PyTorch implementation of Titans: Learning to Memorize at Test Time (Behrouz, Zhong & Mirrokni, 2024)

Project description

Titans: Learning to Memorize at Test Time

Python PyTorch GitHub release License: MIT arXiv

A clean, highly-optimized PyTorch implementation of the Titans architecture from:

Titans: Learning to Memorize at Test Time
Ali Behrouz, Peilin Zhong, Vahab Mirrokni — Google Research, 2024
arXiv:2501.00663

Titans Architecture Overview


What's Inside

Module Description
NeuralMemory Deep MLP that learns to memorize via gradient descent with momentum + weight-decay forgetting (§3)
PersistentMemory Learnable task-knowledge tokens prepended to every sequence (§3.3)
TitansMAC Memory as a Context — retrieves long-term memory as prefix to attention window (§4.1)
TitansMAG Memory as a Gate — SWA ⊗ NeuralMemory gated branch (§4.2)
TitansMAL Memory as a Layer — sequential LMM → SWA stack (§4.3)
TitansLMM Standalone LMM — neural memory without attention (§4.3)

Installation

# Install directly from GitHub
pip install git+https://github.com/Neuranox/titans-memory.git

# Or clone and install locally (editable — recommended for development)
git clone https://github.com/Neuranox/titans-memory.git
cd titans-memory
pip install -e .

Quick Start

import torch
from titans import TitansMAC, TitansMAG, TitansMAL, TitansLMM
from titans.utils import TitansConfig, build_model, count_parameters

# ── Build from config ──────────────────────────────────────────────────
cfg   = TitansConfig.small(variant="MAC")   # ~170 M params
cfg.vocab_size = 32_000
model = build_model(cfg)
print(f"Parameters: {count_parameters(model):,}")

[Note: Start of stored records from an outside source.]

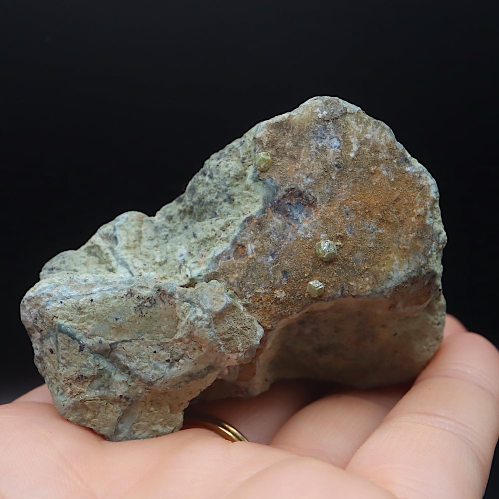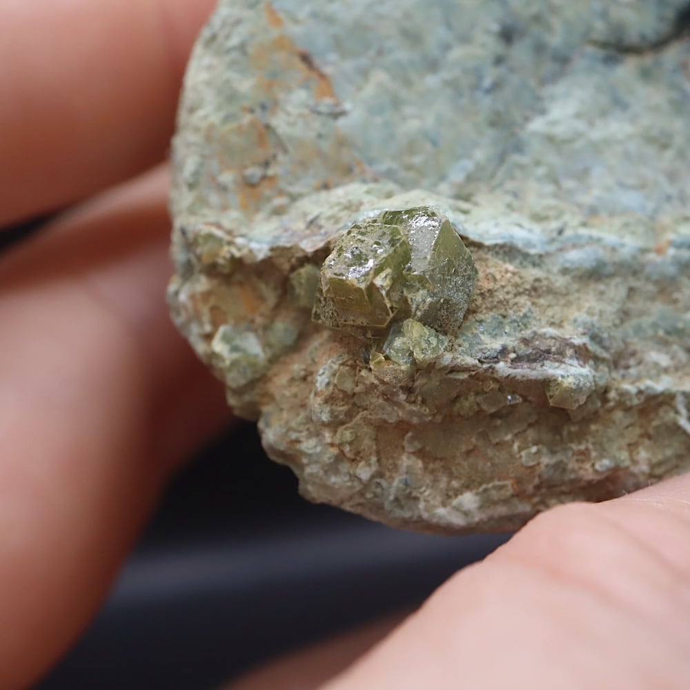 反対側には風化した感じの結晶や小粒結晶も見えます
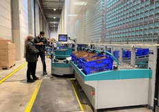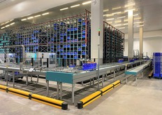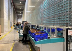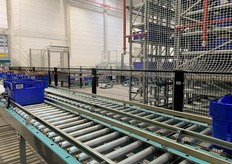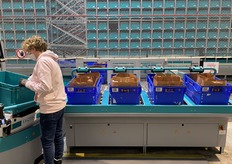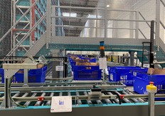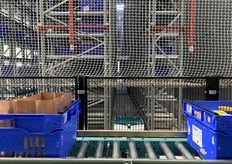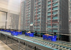 Tapis roulant amenant les bacs vers la zone de tri.
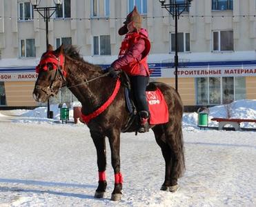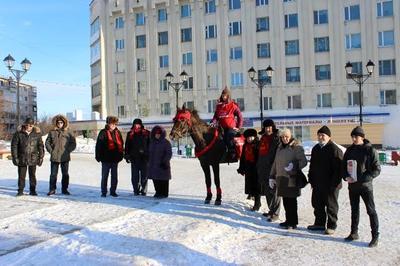 Особый колорит, напоминающий о революционных годах, внесла молодая девушка Светлана, дочь нашего товарища, коммуниста Ивана Андрусяк, прибывшая на площадь на таком экзотическом для Магадана животном как лошадь. На ней была одета накидка с символикой КПРФ, шарф и буденновка.

# ── Forward pass ───────────────────────────────────────────────────────
input_ids = torch.randint(0, 32_000, (2, 512))
labels    = input_ids.clone()

out = model(input_ids, labels=labels)
print(out["logits"].shape)   # (2, 512, 32000)
print(out["loss"].item())

# ── Generation ─────────────────────────────────────────────────────────
prompt    = torch.randint(0, 32_000, (1, 8))
generated = model.generate(prompt, max_new_tokens=50, top_k=50)

All Four Variants

VOCAB = 32_000
D     = 512

models = {
    "LMM": TitansLMM(VOCAB, d_model=D, n_layers=12, mem_layers=2),
    "MAC": TitansMAC(VOCAB, d_model=D, n_layers=12, mem_layers=2, chunk_size=128),
    "MAG": TitansMAG(VOCAB, d_model=D, n_layers=12, mem_layers=2, window=512),
    "MAL": TitansMAL(VOCAB, d_model=D, n_layers=12, mem_layers=2, window=512),
}

TitansConfig — Paper-Scale Presets

from titans.utils import TitansConfig, build_model

cfg = TitansConfig.tiny(variant="MAC")    # ~30 M  — quick experiments
cfg = TitansConfig.small(variant="MAC")   # ~170 M — paper Table 1
cfg = TitansConfig.medium(variant="MAC")  # ~340 M — paper Table 1
cfg = TitansConfig.large(variant="MAC")   # ~760 M — paper Table 1

# JSON save / load
cfg.to_json("config.json")
cfg = TitansConfig.from_json("config.json")

Training

from titans.utils.training import build_optimizer, get_cosine_schedule_with_warmup

optim = build_optimizer(model, lr=4e-4, weight_decay=0.1)          # AdamW, no wd on bias/norm
sched = get_cosine_schedule_with_warmup(optim,
            warmup_steps=2000, total_steps=100_000, min_lr_ratio=0.1)

for batch in dataloader:
    out  = model(batch["input_ids"], labels=batch["labels"])
    out["loss"].backward()
    torch.nn.utils.clip_grad_norm_(model.parameters(), 1.0)
    optim.step(); sched.step(); optim.zero_grad()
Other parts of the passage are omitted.